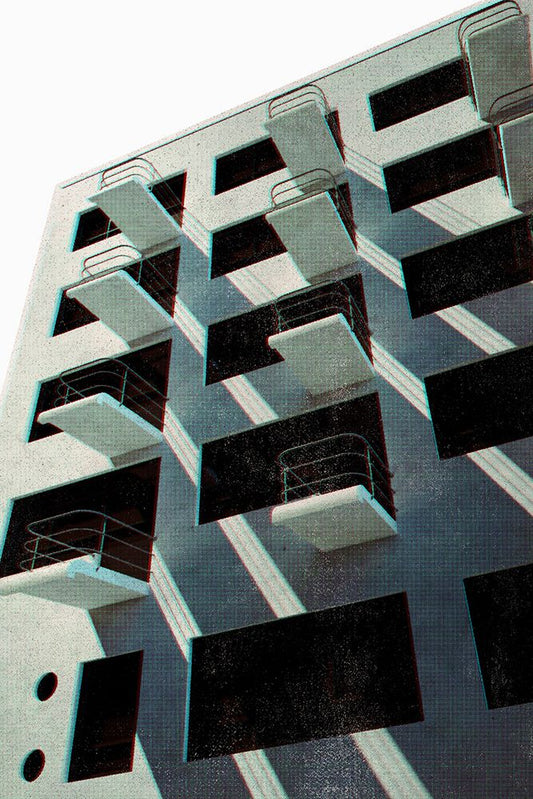 Bauhaus Dessau architecture in vintage magazine style VIII White Modern Wood Framed Art Print with Double Matting by Laiz Blursbyai, Rosana
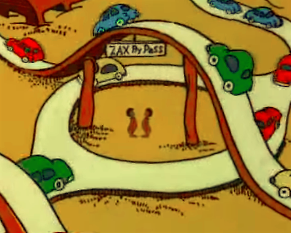 Both of the Zax hold their promises, and eventually so much time passes that a highway is built around them.
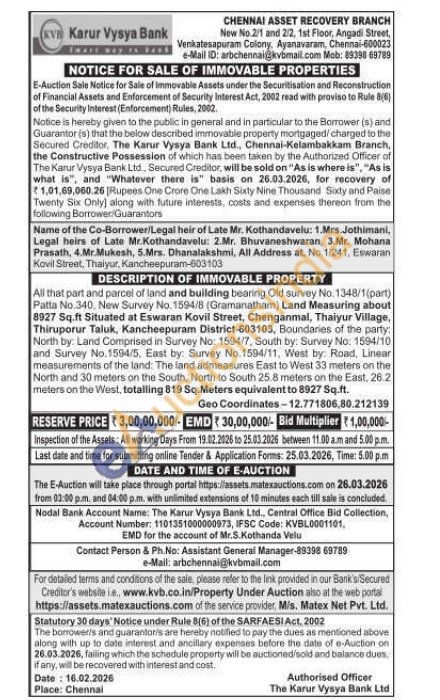 All that part and parcel of land and building bearing Old survey No. 1348/1(part) Patta No.340, New Survey No. 1594/8 (Gramanatham) Land Measuring about 8927 Sq.ft Situated at Eswaran Kovil Street, Chenganmal, Thaiyur Village, Thiruporur Taluk, Kancheepuram District-603103, Boundaries of the party: North by: Land Comprised in Survey No: 1594/7, South by: Survey No. 1594/10 and Survey No. 1594/5, East by: Survey No. 1594/11, West by: Road, Linear measurements of the land: The land admeasures East to West 33 meters on the North and 30 meters on the South, North to South 25.8 meters on the East, 26.2 meters on the West, totalling 819 Sq. Meters equivalent to 8927 Sq.ft.

━━━

## EXERCISE OBJECTIVE
Word for word, restate the lines above from the first through the one that contains "Both of the", and exclude all pictures.

## WRITTEN SOLUTION
 Bauhaus Dessau architecture in vintage magazine style VIII White Modern Wood Framed Art Print with Double Matting by Laiz Blursbyai, Rosana
 Both of the Zax hold their promises, and eventually so much time passes that a highway is built around them.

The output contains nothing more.